LLaVA-VL / LLaVA-NeXT

Apache License 2.0
2.4k stars 167 forks source link

LoRA Training Script for Model Based on finetune_onevision #203

Closed YoungjaeDev closed 5 days ago

YoungjaeDev commented 1 week ago

I want to train a custom model using LoRA based on the model trained with the finetune_onevision script.

  1. Is there a separate LoRA training script available for this purpose?
  2. If not, is there any guidance on how to modify the finetune_onevision script for LoRA training (including train param tips)?

Thank you!

YerongLi commented 1 week ago

I think it is not difficult to add loraConfig, by the way did you get the finetuning script work with its data.yaml file?https://github.com/LLaVA-VL/LLaVA-NeXT/issues/182#issuecomment-2311573430

YoungjaeDev commented 1 week ago

@YerongLi

A recent commit seems to have put a yaml file in the script folder

YerongLi commented 1 week ago

I found it as well. Thanks. I find --lora_enable True \ will enable Lora, they have a lora branch in train.py

YerongLi commented 1 week ago

I find even with lora, the training script run into OOM with 48 GB memory. --lora_r =4, --max_length=128

trainable params: 10,811,392 || all params: 8,041,160,224 || trainable%: 0.1344506476532061
YoungjaeDev commented 1 week ago

I find even with lora, the training script run into OOM with 48 GB memory. --lora_r =4, --max_length=128

trainable params: 10,811,392 || all params: 8,041,160,224 || trainable%: 0.1344506476532061

Is SWIFT not supporting LLAVA-OV LORA fine-tuning?
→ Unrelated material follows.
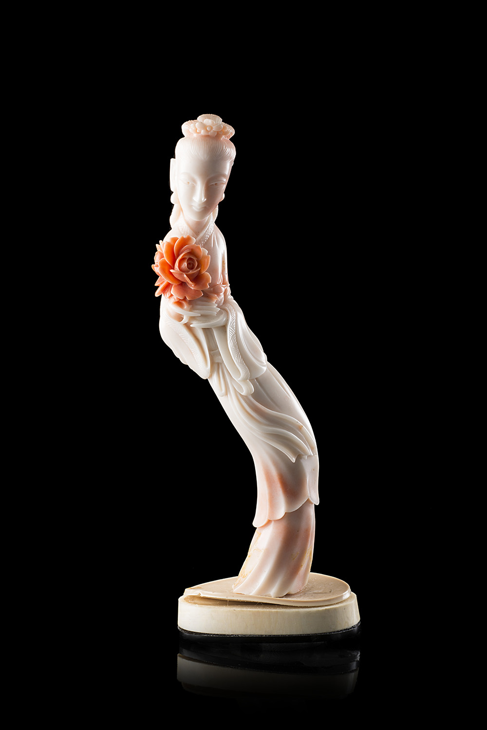 Scultura in corallo rosa pallido raffigurante dama dalle lunghe vesti, base in osso (lievi difetti)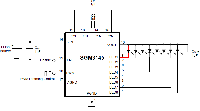 The SGM3145 supports up to 8 white LEDs and regulates a constant current which the initial value can be set by an internal resistor. The part implements PWM dimming to adjust the brightness of LED. Users can easily configure the LED current from 0mA to 27mA by a digital PWM signal. SGM3145 can be turned off by EN pin. The operating voltage range is 2.7V to 5.5V. Internal soft-start circuitry effectively reduces the in-rush current while both start-up and mode transition.

YerongLi commented 1 week ago

I find even with lora, the training script run into OOM with 48 GB memory. --lora_r =4, --max_length=128

trainable params: 10,811,392 || all params: 8,041,160,224 || trainable%: 0.1344506476532061

Is SWIFT not supporting LLAVA-OV LORA fine-tuning?

Their original code only used the PEFT for Lora sft. Let me try SWIFT. This is very new to me..

YoungjaeDev commented 1 week ago

@YerongLi Is this done by customizing the dataset, and if so, how did you configure it?

YerongLi commented 1 week ago

@YerongLi Is this done by customizing the dataset, and if so, how did you configure it?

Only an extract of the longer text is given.